As far DineEquity is concerned, while domestic IHOP comps improved 3.6% in the third quarter, domestic Applebee's comps slid 0.4%. However, DineEquity manages to drive consistent free cash flow, which it uses to reward its shareholders.

For instance, DineEquity bought back $10.2 million worth of shares in the third quarter, and it currently yields 3.6%. This is higher than Bob Evans, which yields 2.2%. Denny's doesn't offer any yield. On the other hand, DineEquity has a debt-to-equity ratio of 4.5, whereas Bob Evans and Denny's have debt-to-equity ratios of 0.37 and 0.45, respectively. 

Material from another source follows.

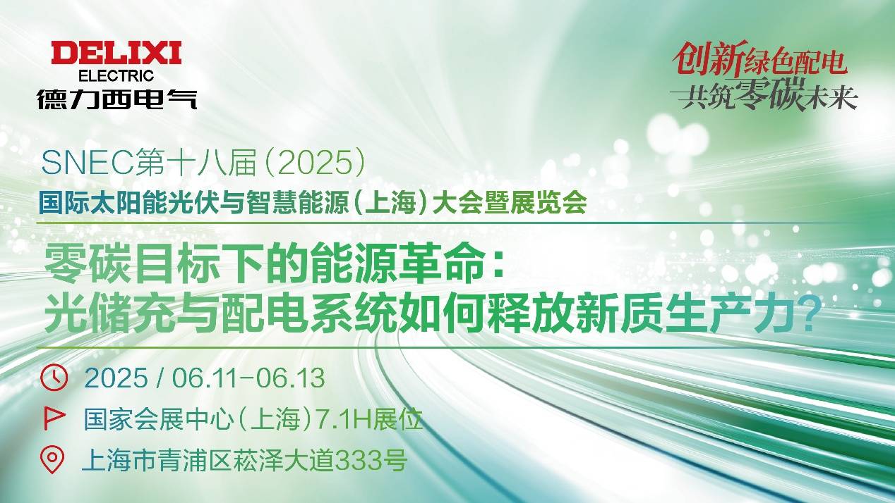當碳中和成為全球共識,當新能源革命重塑產業格局,一場關乎人類命運的技術盛宴正在東方啟幕。2025年6月11日-13日,第18屆SNEC國際太陽能光伏與智慧能源展(上海)將匯聚全球4000+頂尖企業、來自95個國家和地區的行業精英,以“光儲充一體化”為核心命題,共繪零碳未來的技術圖譜。在這場全球能源變革的“達沃斯論壇”上,德力西電氣將以“創新者、領航者、變革者”之姿,攜戰略級新品、全場景解決方案與生態品牌思維強勢登陸7.1H館|C160展位,詮釋中國制造的綠色轉型密碼。

Looking ahead, DineEquity expects FY 2013 comps at IHOP to increase 2%-3%, which is impressive considering the current economic environment. Domestic comps at Applebee's are expected to come in at negative 0.5% to positive 0.5%. This stems from IHOP offering a more unique experience than Applebee's. In other words, there's much less competition. 

The most potential
If you're strictly looking for potential, then you might want to considering Denny's first based on its international expansion and a likelihood of consumer demand for an American brand. If you're looking for yield, then you might want to consider DineEquity. If debt gets out of hand, divestments are always a possibility.

When it comes to Bob Evans, upside potential outweighs downside risk, but that doesn't appear to be the case right now. Bob Evans looks like ideal watch-list material, as the most significant improvements are likely to occur in the second half of FY 2014.